Sir Robert Taylor, Architect
died 1788

The following note has been supplied by Richard Garnier.

Sir Robert Taylor arrived back in London from study as a sculptor in Rome in 1742 to discover that his father had died insolvent.  In the 1740s Robert practised as a sculptor, but by 1750 had turned to architecture, initially in tandem with being a sculptor which he gave up about 1760. 
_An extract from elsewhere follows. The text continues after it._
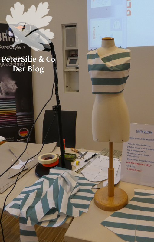 Ich selber habe Coole Twists bei Blusen von (no, na) Stefanie Kroth angehört und gesehen. Ganz einfach deshalb weil sie ihr Buch „Der perfekte Blusenschnitt„, erschienen im Stiebner Verlag vorstellte, ich dieses Buch besitze und über den immerhin schon genähten Grundschnitt nicht hinausgekommen bin. Tatsächlich habe ich eine Menge gelernt. Es war eine nette Atmosphäre, Zwischenfragen jederzeit möglich. Es hilft doch sehr, wenn man den Prozess der Veränderung mitverfolgen kann und jemand Wesentliches dazu erklärt und man das Modell noch untersuchen darf, um den Herstellungsvorgang zu verstehen. Danach hatten Stefanie und ich noch ein kleines, aber sehr unterhaltsames Gespräch. Ich fotografierte ihre „halbe Größe“- Modellpuppe, und sie schwärmte gleich: das ist eine Stockmannpuppe und wochenlang hat sie den Karton aufgehoben mit dem Aufdruck Stockmann, nur um sich daran zu erfreuen… Immerhin arbeitet die Pariser Haute Couture mit diesen Puppen… Außerdem erzählte sie von ihrer Begeisterung fertig genähte Modelle zu analysieren, wie ist das konstruiert, genäht, gebaut… Da verschwinde sie schon mal in der Anprobe eines Modegeschäfts, um den Dingen aus beruflichem Interesse auf den Grund zu gehen, bis jemand fragt: „Brauchen Sie Hilfe?“. Das Buch „Der perfekte Blusenschnitt“ habe ich übrigens am nächsten Tag gleich nochmal intensiv durchgesehen. Das eine oder andere -das bis jetzt unklar war-stellte sich nun anders dar.

Despite such an inauspicious start, he died in 1788 the most successful English architect of all time, worth £180,000.  By way of comparison, one of his patrons, the Lord Mayor Sir Charles Asgill, died the week before him worth only £120,000.  Taylor’s wealth is about the best known thing about him today, as he had until recently rather dropped below the radar, yet in his day he was described as having, until the arrival of Robert Adam from Rome in 1758, with his fellow architect James Paine ‘nearly divided the practice of the profession between them’.  In other words, Taylor got many of the architectural commissions of the 1750s, a period in which there was a building boom in England, following the cessation of the war against France of the 1740s.  He was quintessentially the City’s architect, appointed architect to the Bank of England from 1764.

I suspect the reasons that so many of Taylor’s buildings are no longer associated with him is that he never signed his architectural drawings, nor published a book on his body of work, unlike all his leading contemporary architects such as Paine, Chambers and the Adam brothers.  He left his fortune to Oxford University, leading to the foundation of the Taylorian Institute, but his own office drawings are not there and have disappeared.

Taylor’s patrons were largely of commercial rather than long-standingly landed background.  I have sketched his clientele in various articles I have published on Taylor as including:

City men, particularly bankers and directors of the Bank of England, directors or officers of the East India Company, men with interests in the West Indies, government financiers and army contractors, soldiers and sailors of fortune, lawyers, and political clients of two Prime Ministers, the Duke of Newcastle and of the third Duke of Grafton.

Although James Caldwell is slightly too late in date, he sounds like he would have been just the sort of man who would have commissioned Taylor if he had been around slightly earlier !!

As for Taylor’s style in the 1750s, it has a characteristic combination of the rather old-fashioned and bang up-to-date with William Kent inspired architectural fittings combined with Rococo decoration.  The fittings comprise door and window frames and their mouldings which look at first more like 1740s or even 1730s work, the 1750s-looking Rococo decoration being applied to doorhead and chimneypiece friezes and in plaster motifs on walls and ceilings.  This is another reason why Taylor’s hand has so often lain unrecognized: it being assumed that such features must date from two building campaigns and not due to one man all at the same time. Indeed, I have by now shown in several buildings how work assumed to date from before his time is really due to Taylor.

Considering how much architectural work he was reputed in his day as executing, there are far fewer buildings known today by him than all the other leading architects of his time.  I hope this begins to put in context the importance of finally establishing the Barlaston Hall was designed by him - Thomas Mills (the builder of Barlaston and father of the Mill with whom Caldwell stayed there), was from Leek, and although a lawyer, seemed to have no known links to Taylor's known clientele, yet the house looks absolutely in his style.  The question of authorship at Barlaston, which dates from about 1755, is now definitively solved.